Avoid: Models that do not offer multiple stages. Sharpening too often or for too long could shorten the lifespan of the knife. "If you use an electric model too often—more than about three times a year—you can remove so much metal that you'll alter the original design of the knife, so it can't be used how it was manufactured to be used," says Curtis-Wellings.
Whetstones or Sharpening Stones
With a whetstone, "you have control over everything—over how much material gets removed, and over the shape, angle, and level of finish," Kramer says.
There are many types of sharpening stones, and you typically need two or three in varying abrasion levels—or a two- or three-sided stone. And then you'll have to learn how to use them correctly.
The basic idea is to stroke the knife back and forth across the stone's surface while holding it steady at a prescribed angle. But the motion isn't intuitive, and it isn't easy to keep that angle consistent. Taking a sharpening class at a knife store or watching instructional videos (try YouTube or your knife manufacturer's website) can help.
Even so, it's a skill that requires practice and one that even some professional cooks never master.
"I'm terrible at stone sharpening," says Jess Pryles, barbecue expert and author of "Hardcore Carnivore: Cook Meat Like You Mean It" (Agate Surrey, 2018), who relies on sharp knives for butchering meat. "So I use an electric belt sharpener at home."
Who it's for: Dedicated foodies or knife enthusiasts willing to invest the time to choose the right stone or stones and practice the correct technique. "Sitting down with your stones to tune up your knives is just another way to stay in touch with your tools and pay attention to the act of cooking," Kramer says.
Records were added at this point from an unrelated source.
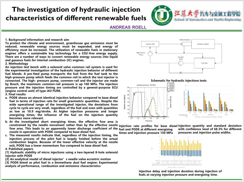 德国籍留学生 ANDREAS ROELL 博士针对不同可再生燃料的水力喷射特性开展研究,发表高质量 SCI 论文 3 篇,其中 SCI 一区论文 2 篇。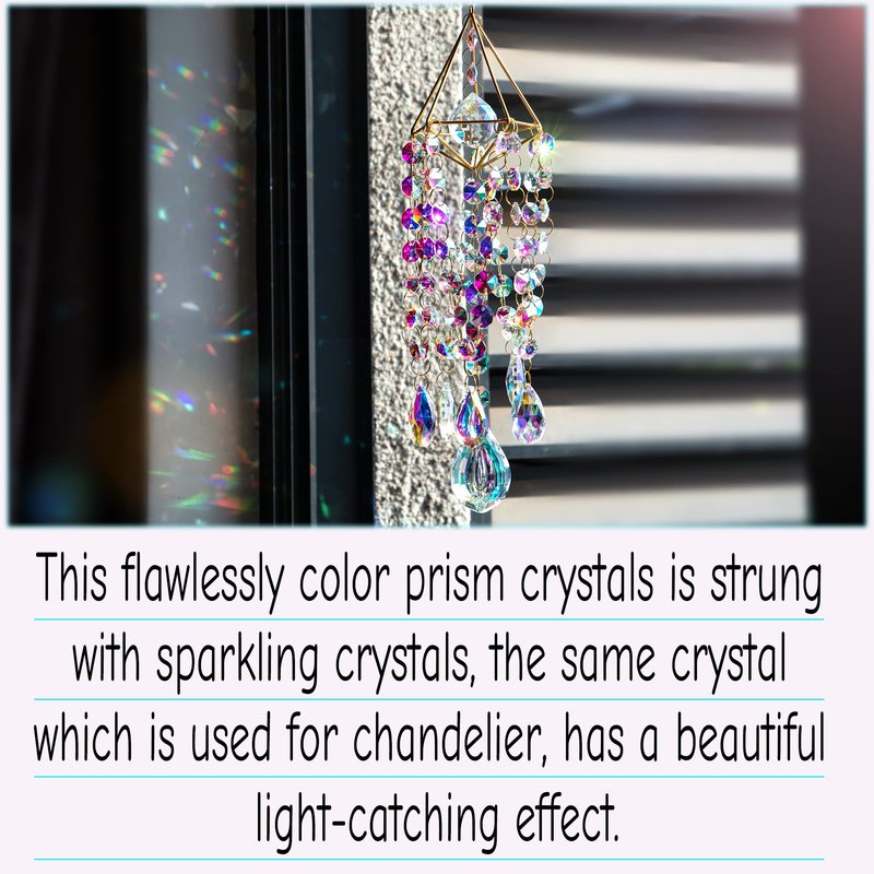 - 🌈Sparkling: This flawlessly color prism crystals is strung with sparkling crystals, the same crystal which is used for chandelier, has a beautiful light-catching effect.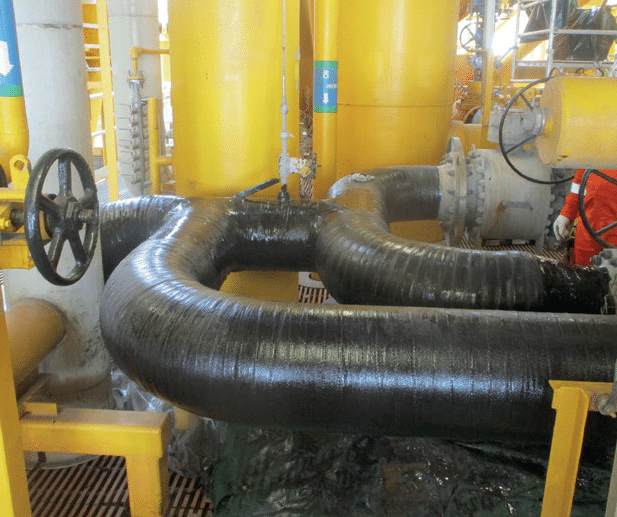 Le système peut être installé sur des irrégularités telles que des soudures ou des chancres de corrosion, ce qui en fait le meilleur système pour réparer les défauts traversants avant enveloppement composite et selon les normes ISO 24.817 et ASME PCC-2.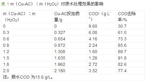 為了考察Cu -AC 與H2O2的協(xié)同作用,在m(H2O2) ∶m(COD) =1.4,反應溫度為30 ℃的條件下,改變Cu-AC 投加量,試驗研究了m(Cu-AC)∶m(H2O2)對廢水處理效果的影響,結果見表 1。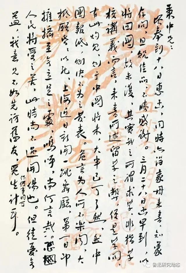 今日阅报,惊悉先生逝世,虽是在办公室中,不禁伏案恸哭。秉中之得有今日,皆先生之赐。十年来奔走不宁,未能偿侍先生讲学之志,诚可痛心。然平日对人处事,一体先生真诚态度,不敢有辱先生,此敢告我先生在天之灵者也。海婴弟方数岁,教养之责,全在师母。伏望节哀,毋损尊体,以肩巨任。回思前日在沪,先生云“病中亦不能停笔休养,因停笔不单医药遂停,即饭亦不得吃也”。痛哉此言,秉中返京二十余日来,晨夕耳中皆如闻先生此言,然又束手无策,不能有所奉助。时时怀念先生病体,而俗务累人,竟未能奉书问候,而今竟成终天之憾事。前次先生面允书数字见赐,病中当尚未书就,敢请师母觅先生所书物事赐寄,以存手泽。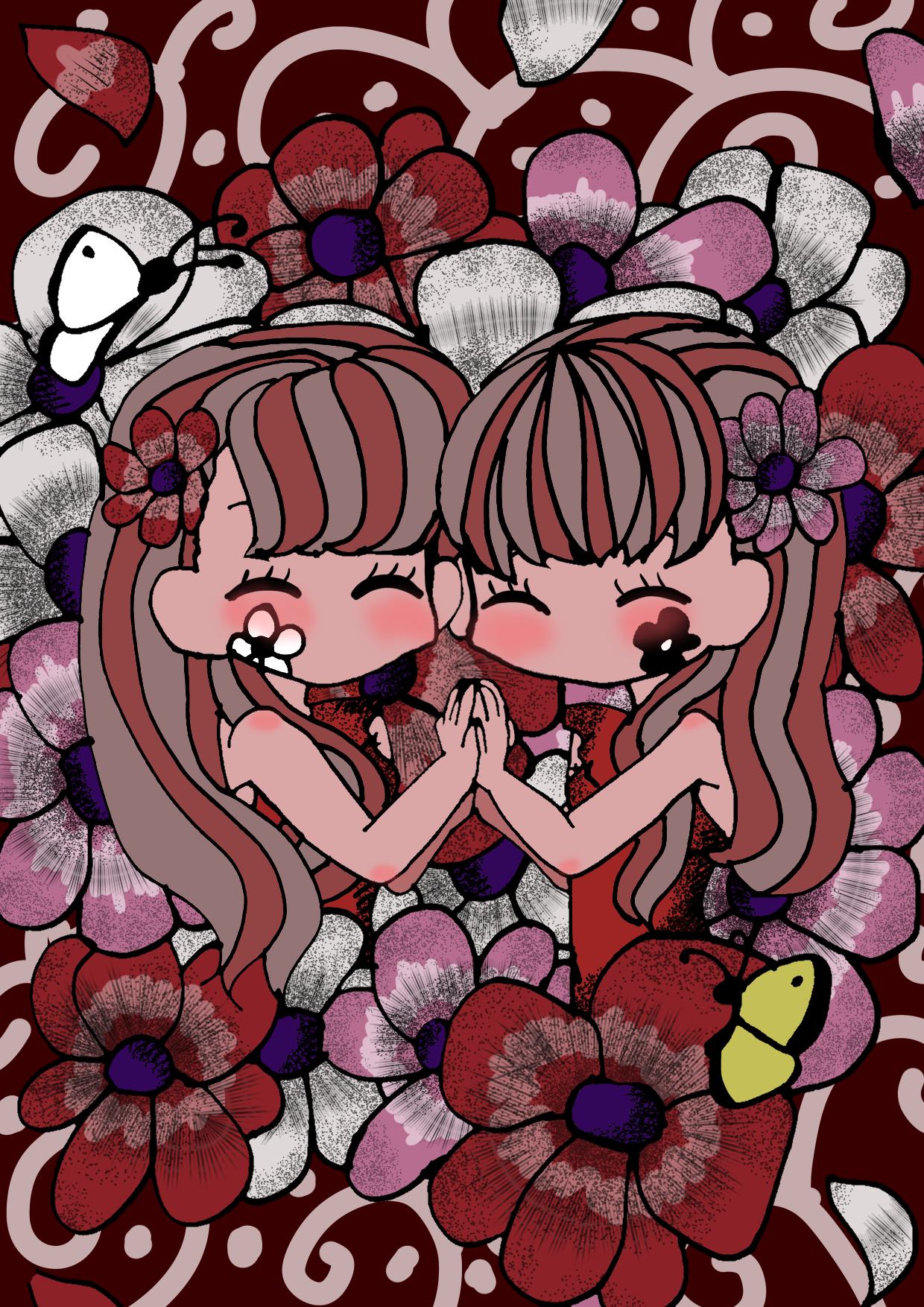 アネモネの花言葉モチーフに仲良しな双子の女性を描いてみました。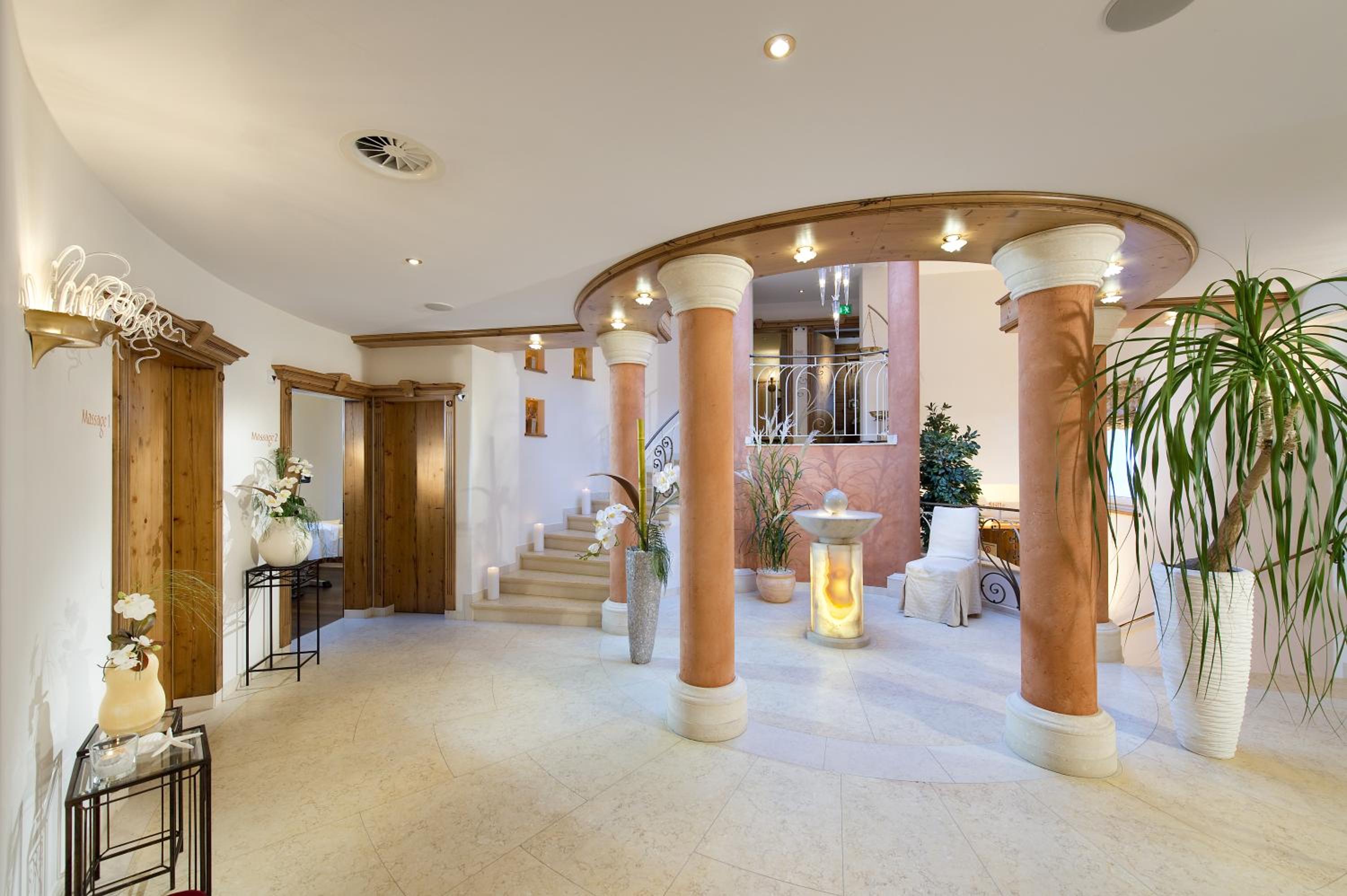 Indulge in relaxation at Hotel Post's 1500m² spa area with saunas, a gym, and massage benches. The indoor pool's whitewater canal and waterfall offer a unique experience.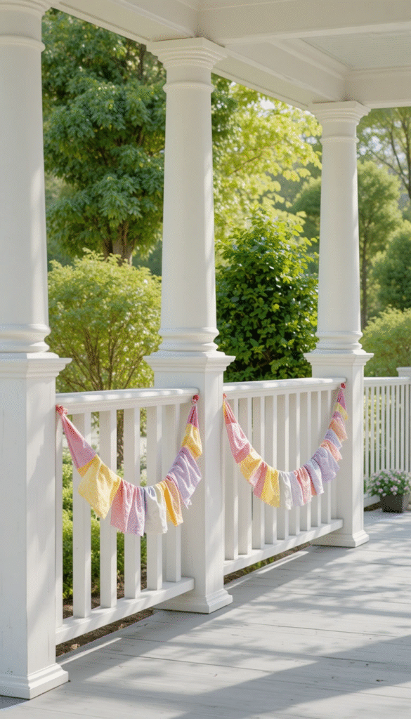 7. Decorate Your Porch Railing with Pastel Ribbon Bunting

Price: $30 to $300 per stone
Pros: Sharpening stones are versatile and the best way to achieve a factory-sharp edge at home. High-quality stones should last a lifetime.
Cons: Choosing the right type of stone or stones can be confusing, and there's a steep learning curve to master the correct sharpening technique, Aidells says. Sharpening itself can be time consuming—5 to 20 minutes per knife. Water stones and oil stones require soaking and/or lubricating with water or light mineral oil, and steel dust can end up all over your counter, so it's a messy job, Carmona says.
Avoid: Extremely coarse stones, which may damage your knife. "Look for a stone without inconsistencies in the grit or anomalies in the surface," Kramer says.
Honing and Sharpening Rods or 'Steels'
There's a lot of confusion about what to do with that rod that comes in many knife blocks, says Brendan Walsh, dean of the School of Culinary Arts at the Culinary Institute of America. But a basic honing rod (also called a steel) is an important part of knife maintenance.
Honing steels are made from ridged steel or from fine ceramic. When you run your knife's blade along the surface of a honing rod, friction helps realign the edge, straightening metal fibers that have become bent during the cutting process. (Imagine standing blades of grass back up after they've been flattened.)
There are also sharpening rods—confusingly, also known as sharpening steels, even when they're not made of steel at all, but diamond or ceramic abrasive. These—unlike honing steels—remove a small amount of metal from the blade as they sharpen it.
Who it's for: Honing rods or steels are for everyone. Honing after every few uses will help your knife perform better and can help extend the time between sharpening, Flynn says. Sharpening rods are great for tune-ups (every few weeks) between professional sharpening—or home whetstone or electric sharpening. And they're the best way to sharpen a serrated knife yourself, Carmona says.
Price: $40 to $100. One might be included in a set of knives that comes with a block.
Pros: A honing steel will help maintain the edge of your knife between sharpenings and may mean you have to sharpen less frequently.
Cons: There's a slight learning curve to master the correct use.
Avoid: Trying to sharpen with a honing steel or trying to hone with a sharpening steel.